На часах Ноя было без семнадцати минут четыре часа утра, когда партизаны, замкнув сенную дверь, вышли из ограды Ухоздвигова…

VIII

Дуня шла безлюдной улицей, чуть сгорбившись, зажав в руках по бомбе, да еще пара бомб в карманах полушубка и парабеллум в придачу.
Как-то враз иссякли силы, и боль во всем теле до того усилилась, что трудно было идти. Дуня часто останавливалась. Кружилась голова…
Ни души в улице…
Упились казаки и почивают сном праведников: завтра у них много работы – казнь заложников…
«Боженька! Помоги нам!» – молилась Дуня за всех партизан. Боженька!.. Но она не верила боженьке – никому не верила, самой себе только. Если бы ей сейчас станковый пулемет да силу, как в батальоне бывало, – никто бы из карателей не ушел.

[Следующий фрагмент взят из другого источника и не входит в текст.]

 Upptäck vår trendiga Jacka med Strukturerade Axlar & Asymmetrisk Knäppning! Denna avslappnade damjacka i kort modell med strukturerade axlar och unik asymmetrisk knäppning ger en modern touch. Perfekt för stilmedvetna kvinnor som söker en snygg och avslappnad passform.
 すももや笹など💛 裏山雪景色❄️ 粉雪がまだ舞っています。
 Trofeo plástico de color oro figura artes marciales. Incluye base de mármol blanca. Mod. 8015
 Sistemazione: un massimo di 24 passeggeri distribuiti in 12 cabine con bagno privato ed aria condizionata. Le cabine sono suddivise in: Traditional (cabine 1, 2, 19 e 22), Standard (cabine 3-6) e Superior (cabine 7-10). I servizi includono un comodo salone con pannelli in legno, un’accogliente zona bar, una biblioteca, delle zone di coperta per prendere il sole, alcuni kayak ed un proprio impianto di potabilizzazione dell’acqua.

Тихо, тихо. Ни шагов, ни голосов.
Третьи петухи запели.
В окнах отчего дома яркий свет. Ужли казаки не спят? Нет, не во всех окнах свет, а тодько в гостиной – пять окошек в улицу и три в ограду.,
Егор Андреяныч должен был встретить Дуню возле ворот. Нет ни Егора Андреяныча, ни Никиты Ощепкова.
Дрогнула.
«А, все едино – один конец!» – решилась и быстро прошла в открытую калитку; боль враз отступила. Поднялась на каменный фундамент, ухватившись за резной наличник окна, заглянула… «Боженька!» – как бичом по сердцу: за столом сидел в обнимку с каким-то казаком Трофим Урван! Упился и спит, уткнув голову в стол. Четверти, бутылки и всякая всячина на столе. На стульях, креслах, всюду спящие. Много их тут!.. А где же есаул?

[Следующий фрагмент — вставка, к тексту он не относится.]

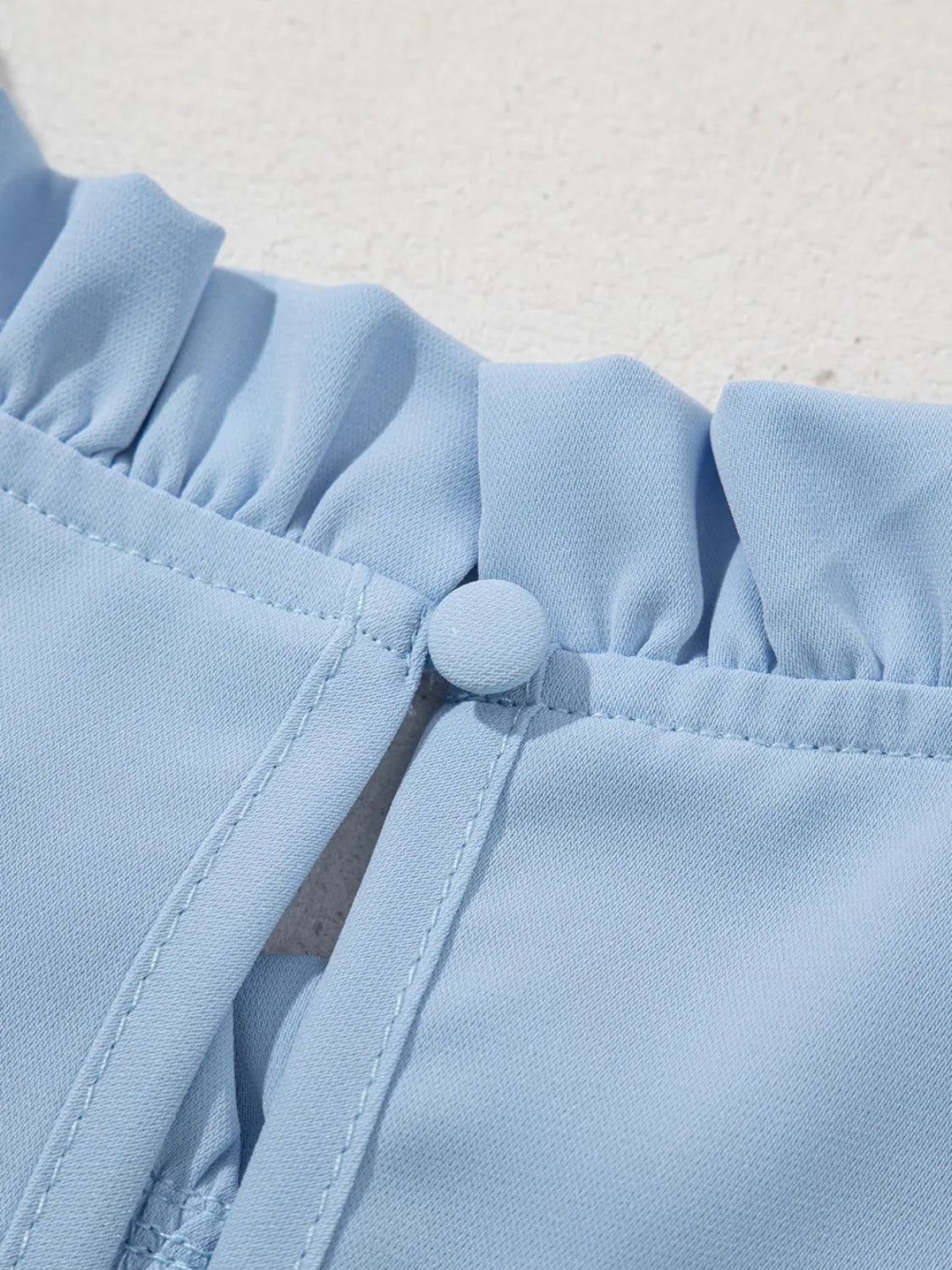 Crafted from 100% polyester, this light blue solid blouse offers a refined, feminine silhouette with a delicate frill at the round neckline and ruffled cuffs on the half sleeves. The non-stretch fabric drapes smoothly for comfortable, everyday wear and pairs well with denim, skirts, or tailored bottoms. Imported and easy to care for, this blouse blends effortless style with practical practicality for workdays or weekends.
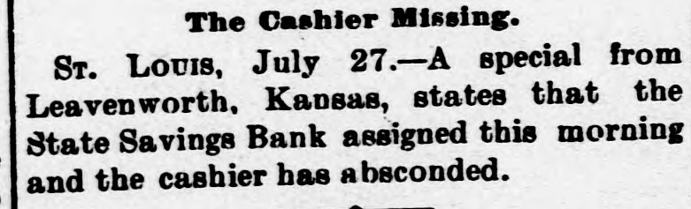 The Cashier Missing. Sr. LOUIS, July 27.-A special from Leavenworth, Kansas, states that the State Savings Bank assigned this morning and the cashier has a beconded.
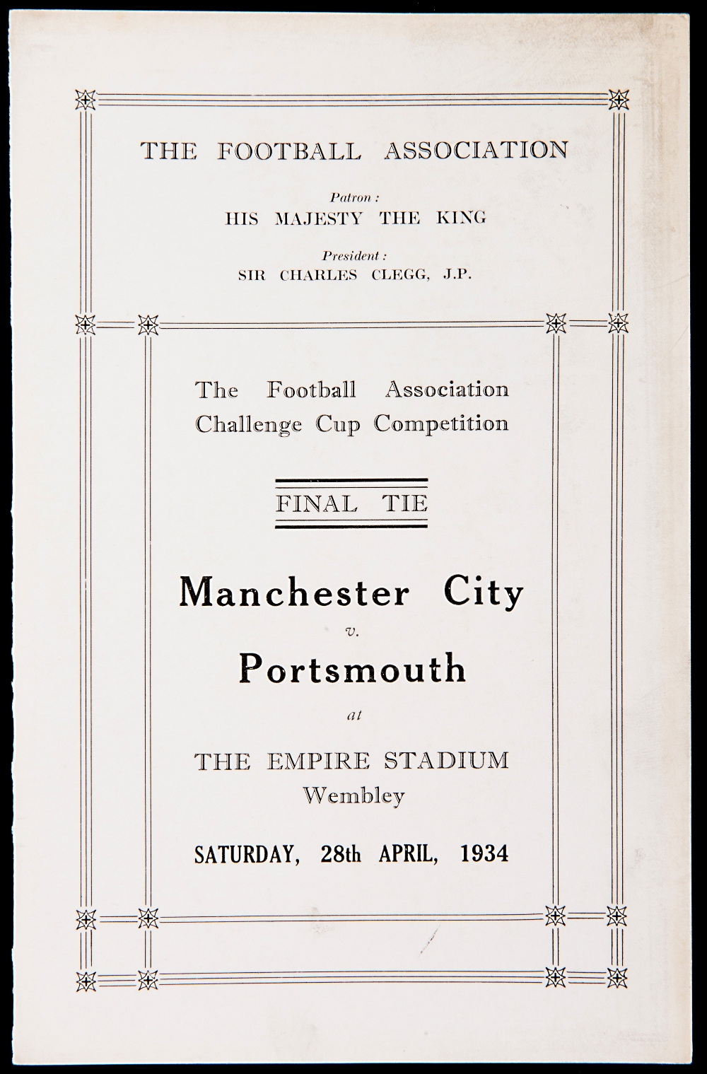 Dignitaries edition of the Manchester City v Portsmouth 1934 F.A. Cup Final programme, four-pager printed on stiff card
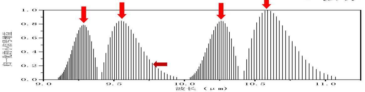 通常CO2激光器波長是10.59mm,這只是CO2激光增益譜中最強(qiáng)的一條譜線。從圖2-3 CO2激光器的譜線圖中可以看出,實際上有四條譜線的增益都比較大,分別為10.59mm、10.25mm、9.55mm及9.27mm。以上四條譜線為各支的強(qiáng)線。但是在很多應(yīng)用需求中,除輸出這四條強(qiáng)線外還要求輸出某些增益很低的弱線,且實際應(yīng)用中還需要很高的光束質(zhì)量,因此有較大的研制難度。
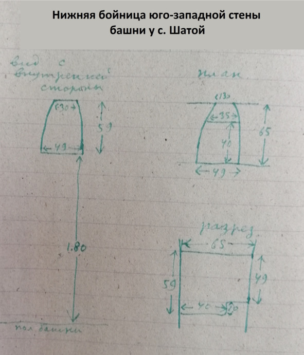 Стр. 31 …Башня у с. Шатой. На расстоянии 1 км от с. Шатой, вниз по течению р. Аргун, на левом ее берегу, стоит каменная башня. Башня стоит на уступе горы ограниченном с одной (восточной) стороны р. Аргун, с другой (северной) ущельем. Башня сложена из плит глинистого сланца, различного размера, положенных на глине. Основание башни почти неправильный, равносторонний четырехугольник (см. чертеж альбом №1, стр. 15). Толщина стен колеблется от 72 см до 65 см. Северо-западная стена башни пробита в нижней части. Башня к верху слегка суживается. В северо-западной части (разрушенной в нижней части) находилась дверь, шириной в 90 см (в нижней части), одно большое и на самом верху одно маленькое окно. Юго-восточная смена имела два окна, одно на половине высоты, другое в верхней части. В северо-западной и юго-восточной стенах, выходящих в сторону горы, окон нет, имеются только бойницы, по пять бойницы, по пять бойниц в каждой из стен. Бойницы расположены в три ряда. В первом и втором по две бойницы, в третьем одна на каждой из этих двух стен. Бойницы имеют следующие размеры (см. на обороте чертеж нижней бойницы юго-западной стены). Ширина снаружи 13 см., ширина с внутренней стороны внизу 49 см, сверху 30 см. С внутренней стороны юго-восточной стены у западного южного углов имеется по одной маленькой нише. В северо-западной стен у северного угла одна маленькая ниша.

Спрыгнула наземь – в глазах потемнело от боли, но она взяла себя в руки, выдернула кольцо, подержала бомбу, прицеливаясь глазом, и швырнула – стекло звонко лопнуло. Упала наземь, вцепившись руками в истоптанный, мокрый снег. Что было прежде – толчок земли или грохот взрыва? Не помнит. Быстро поднялась, рванула кольцо второй бомбы…

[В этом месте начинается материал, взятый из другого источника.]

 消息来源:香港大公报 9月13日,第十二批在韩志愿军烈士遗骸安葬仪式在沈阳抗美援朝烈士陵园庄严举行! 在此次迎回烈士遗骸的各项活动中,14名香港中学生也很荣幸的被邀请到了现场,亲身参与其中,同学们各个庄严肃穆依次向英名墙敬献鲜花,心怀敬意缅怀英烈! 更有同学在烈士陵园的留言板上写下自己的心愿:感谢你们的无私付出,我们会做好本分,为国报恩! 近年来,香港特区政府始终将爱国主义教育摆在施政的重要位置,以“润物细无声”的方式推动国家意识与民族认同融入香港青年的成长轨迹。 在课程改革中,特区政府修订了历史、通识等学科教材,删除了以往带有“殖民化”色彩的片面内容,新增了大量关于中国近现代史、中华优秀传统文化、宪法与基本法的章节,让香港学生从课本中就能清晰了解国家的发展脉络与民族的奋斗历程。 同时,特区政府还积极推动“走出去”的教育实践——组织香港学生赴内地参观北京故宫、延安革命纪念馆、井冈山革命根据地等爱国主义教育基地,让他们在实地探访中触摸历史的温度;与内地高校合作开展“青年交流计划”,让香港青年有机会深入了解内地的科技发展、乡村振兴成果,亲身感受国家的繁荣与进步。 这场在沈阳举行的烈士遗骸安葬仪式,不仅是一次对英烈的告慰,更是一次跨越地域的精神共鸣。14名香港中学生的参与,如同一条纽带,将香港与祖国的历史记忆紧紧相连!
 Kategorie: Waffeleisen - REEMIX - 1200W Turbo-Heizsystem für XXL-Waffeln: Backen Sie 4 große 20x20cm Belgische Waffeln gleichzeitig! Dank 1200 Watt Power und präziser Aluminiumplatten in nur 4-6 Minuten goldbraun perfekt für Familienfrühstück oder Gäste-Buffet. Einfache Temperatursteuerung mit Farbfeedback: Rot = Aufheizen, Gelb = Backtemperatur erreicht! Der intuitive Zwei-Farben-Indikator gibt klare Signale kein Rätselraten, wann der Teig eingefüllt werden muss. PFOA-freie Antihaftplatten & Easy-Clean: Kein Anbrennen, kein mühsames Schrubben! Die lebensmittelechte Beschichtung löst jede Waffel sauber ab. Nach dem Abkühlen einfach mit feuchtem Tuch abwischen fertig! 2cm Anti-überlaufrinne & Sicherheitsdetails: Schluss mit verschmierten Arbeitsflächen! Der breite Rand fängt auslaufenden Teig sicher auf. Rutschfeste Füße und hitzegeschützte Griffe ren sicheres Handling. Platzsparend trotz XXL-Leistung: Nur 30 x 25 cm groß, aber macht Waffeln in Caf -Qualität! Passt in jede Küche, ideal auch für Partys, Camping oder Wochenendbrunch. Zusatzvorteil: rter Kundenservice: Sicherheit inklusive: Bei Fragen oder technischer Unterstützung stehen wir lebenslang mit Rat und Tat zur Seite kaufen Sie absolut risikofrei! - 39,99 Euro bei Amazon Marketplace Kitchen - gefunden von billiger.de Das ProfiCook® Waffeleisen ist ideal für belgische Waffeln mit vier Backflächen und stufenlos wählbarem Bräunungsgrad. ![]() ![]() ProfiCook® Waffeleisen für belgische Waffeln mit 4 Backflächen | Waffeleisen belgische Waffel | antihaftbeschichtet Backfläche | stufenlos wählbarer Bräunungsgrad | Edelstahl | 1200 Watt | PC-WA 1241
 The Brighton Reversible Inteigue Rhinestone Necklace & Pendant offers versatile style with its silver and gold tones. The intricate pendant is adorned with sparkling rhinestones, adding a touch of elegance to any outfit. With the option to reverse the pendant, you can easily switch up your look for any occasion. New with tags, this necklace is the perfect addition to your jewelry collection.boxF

Крик, рев, истошные вопли раненых…
Взрывной волной Дуню отбросило в сторону. Не охнула. Рядом, вот тут где-то рядом, зацокал ручной пулемет…
Казаки выбегали из омшаника, из дома, прыгали из окон, а Егор Андреяныч косил их из пулемета.
– Ааааа! Аааа! Аааа!
Где-то вдали от дома Юскова ахнули еще взрывы. Цокают, цокают пулеметы.
Она не видела, как Егор Андреяныч с ручным пулеметом перебежал из ограды в улицу, расстреливая там казаков, выскакивающих из горящего дома в палисадник.
Дом изнутри занялся, как порох – враз охватило огнем.
Дуня не подумала, что с маменькой и Клавдеюшкой – живы они иль разорвало их на части? Не до них!
Она стояла чуть в отдалении от дома, смотрела, как длинные языки пламени вырывались из окон, и чувство свершенного отмщения вдруг до того расслабило ее, что она, если бы не привалилась к столбу ворот, упала бы. Так она и села наземь возле столба.
– Ну вот и все! Мучители! Попомните меня! – проговорила она с запинкою, не подумав, как мертвые могут помнить ее.
Из омшаника успели выскочить заложники – мужчины и женщины, и дети с ними. Много, много.
Дуня никого не видела…
Она сидела у столба, скрючившись, обессилев, и пламя пожара озаряло ее лицо.
По обширной ограде бегали люди – работники, деревенские мужики что-то орали, суетились, и никто из них не видел Дуню. Может, потому, что она в черном полушубке сливалась с черным столбом? Хотела встать, а силы не было – как будто враз всю силу вычерпали, как воду из колодца до дна. Она не прислушивалась к крикам мужиков, все это шло мимо ее сознания.
А ведь горел дом, в котором она родилась, из окон которого выглядывала в мир деревенской дремучести, не ведая, какие узлы навяжет ей потом судьба и в какую сторону закинут ее страшные ветры переменчивого времени!
Ветры и судьбы!..
Сейчас она была здесь пришлая из мира зла. Как волчица вскармливает волчат своим молоком, так мир, жестокий и злой для слабых, вскормил ее своим лютым молоком, и она уверовала: добра нет, совести в помине не бывало, есть один разврат, продажность – душу черту заложи, а тело отдай нечестивцам. И если, не ровен час, упадешь – копытами раздавят, и не охнут. И она изо всех сил старалась не упасть, и все-таки копыта дьявола истоптали ее тело, осквернили душу и вытравили из нее все светлое и радостное.
А дом горел! Отчий дом горел!..
Крики, истошные крики заживо горящих…
Пламя изнутри дома со свистом рвалось наружу из окон, как будто раззявились пасти многоголового змия. Взрывались патроны, бомбы, трещали бревна, пылала краска на железной крыше, и само железо скручивалось в огненные свитки, обнажая стропила. А внутри дома лопались винтовочные патроны, взрывались бомбы и гранаты.
Пожар перекинулся на работницкие избы и на конюшни. Утробно ржали кони, мычали коровы. Мужики, бабы в ограде.
– Господи помилуй, сколько добра ханет!
– Пущай все сгорит к такой матери! Как нажили добро – так и ушло: огнем-полымем!..
– Светушки! Светушки! Мамонька там! Мамонька! – визжит какая-то девчонка, кидаясь к пылающему крыльцу.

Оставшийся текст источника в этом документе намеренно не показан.